A: The Village has established webpages dedicated to 5G wireless information. For those who want more information on the safety issues, the FCC has an RF Safety FAQ page, which we will post a link to on the Village’s website: https://www.fcc.gov/engineeringtechnology/electromagnetic-compatibility-division/radio-frequency-safety/faq/rf-safety#Q6 **

Appendix C:

Ciesla Law Analysis of 7/2/2020 Clay County, IL Order

From https://cieslalaw.com/the-governors-covid-19-executive-orders-do-not-exist-end-of-story/

[On July 2, 2020], the Illinois Circuit Court in Clay County, Illinois issued an Order which declared that all executive orders issued by Governor J.B. Pritzker since April 8, 2020 related to COVID-19 are void (the “State Case”). Specifically, the Court declared that the 30-day period of emergency powers provided under the Illinois Emergency Management Agency Act, 20 ILCS 3305/1 et, seq., (the “Act”) lapsed on April 8, 2020. The Court also declared that Governor Pritzker had no Illinois constitutional authority to issue stay at home orders or close businesses.

A lot of Illinois citizens are asking ‘what does this mean?’ Simply put, it means that as of this moment, all restrictions on citizens and businesses are lifted. Masks are no longer required, social distancing is not required, restaurants can open to 100% indoor capacity without social distancing and gatherings of over 50 people are legal.
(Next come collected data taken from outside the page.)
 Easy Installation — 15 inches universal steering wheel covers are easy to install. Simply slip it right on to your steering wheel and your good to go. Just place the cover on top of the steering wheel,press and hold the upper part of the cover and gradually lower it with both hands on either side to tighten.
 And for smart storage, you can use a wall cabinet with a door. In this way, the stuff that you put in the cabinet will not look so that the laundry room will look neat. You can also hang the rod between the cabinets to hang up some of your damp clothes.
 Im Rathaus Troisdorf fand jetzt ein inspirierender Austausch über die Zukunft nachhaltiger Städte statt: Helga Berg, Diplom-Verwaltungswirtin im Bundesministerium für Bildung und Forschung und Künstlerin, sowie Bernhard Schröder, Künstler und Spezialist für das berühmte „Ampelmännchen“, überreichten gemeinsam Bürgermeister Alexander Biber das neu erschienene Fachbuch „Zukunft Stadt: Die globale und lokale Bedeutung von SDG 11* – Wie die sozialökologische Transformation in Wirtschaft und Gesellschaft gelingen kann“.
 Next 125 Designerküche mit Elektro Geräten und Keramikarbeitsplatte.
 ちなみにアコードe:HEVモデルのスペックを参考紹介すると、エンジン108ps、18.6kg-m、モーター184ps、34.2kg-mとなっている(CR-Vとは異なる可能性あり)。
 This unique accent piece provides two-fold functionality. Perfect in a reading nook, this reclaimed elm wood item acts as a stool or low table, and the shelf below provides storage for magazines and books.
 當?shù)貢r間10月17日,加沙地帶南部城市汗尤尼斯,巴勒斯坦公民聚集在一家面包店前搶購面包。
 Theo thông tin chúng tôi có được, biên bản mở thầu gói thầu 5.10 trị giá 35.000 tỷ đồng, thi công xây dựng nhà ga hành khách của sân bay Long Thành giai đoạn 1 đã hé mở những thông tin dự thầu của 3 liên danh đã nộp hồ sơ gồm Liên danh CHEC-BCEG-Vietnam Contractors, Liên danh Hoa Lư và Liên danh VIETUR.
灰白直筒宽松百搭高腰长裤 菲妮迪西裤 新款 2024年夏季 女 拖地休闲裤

The Governor’s spokeswoman, Emily Bittner, says the Order is not final and did not include an injunction barring the State from enforcing the Governor’s phase four rules. No injunction is necessary to effectuate the ruling in the Order. The case was brought as a chancery case. Plaintiffs in chancery cases seek remedies that are non-monetary such as injunctions or, in this case, a declaration of the legality of executive orders. The Court declared that all of the Governor’s executive orders regarding COVID-19 are void as of April 8, 2020. Such declaration is the final say of the Circuit Court of Illinois. No injunction is needed as the Order simply erased the COVID-19 executive orders. If a citizen or a business acts in defiance of the now void executive orders and law enforcement or a government agency seeks to punish such action, then it would be proper for the person or business would seek an injunction to bar enforcement of the executive orders.

Ms. Bittner further stated that the Order is not binding because of a federal case ruling issued just moments before the Order. Ms. Bittner is referring to the case Illinois Republican Party, et, al., v. Pritzker, 20 C 3489 (N.D. Ill. Eastern Div. July 2, 2020) (the “Federal Case”). Such case has no bearing on the Order. In the Federal Case, the Federal Court ruled that one of the Governor’s executive orders limiting gatherings to 50 people did not violate the First Amendment of the U.S. Constitution. The Federal Court only analyzed the constitutionality of the effect of a single executive order. The Federal Court did not rule on whether the Governor had the authority to issue the executive order.

The State Case was filed in state court but the Governor attempted to transfer the case to federal court. The federal court declined to take the case and sent the case back to Illinois state court. Therefore, the federal court had the opportunity to rule on the merits of the Governor’s actions but the federal court found that there was no federal issue and that it was proper for a state court to decide a state issue of whether a Governor exceed his state statutory authority.

If the Order was not a final order and/or the Order is not binding, then why did Attorney General state immediately after the Order was issued that he was going to appeal? Such is a rhetorical question. The Order is a big deal and the Governor knows it. Of course, the Order will be appealed, the Governor has no choice. However, unless and until an appellate court overturns the Order, then the Governor’s COVID-19 executive orders do not exist.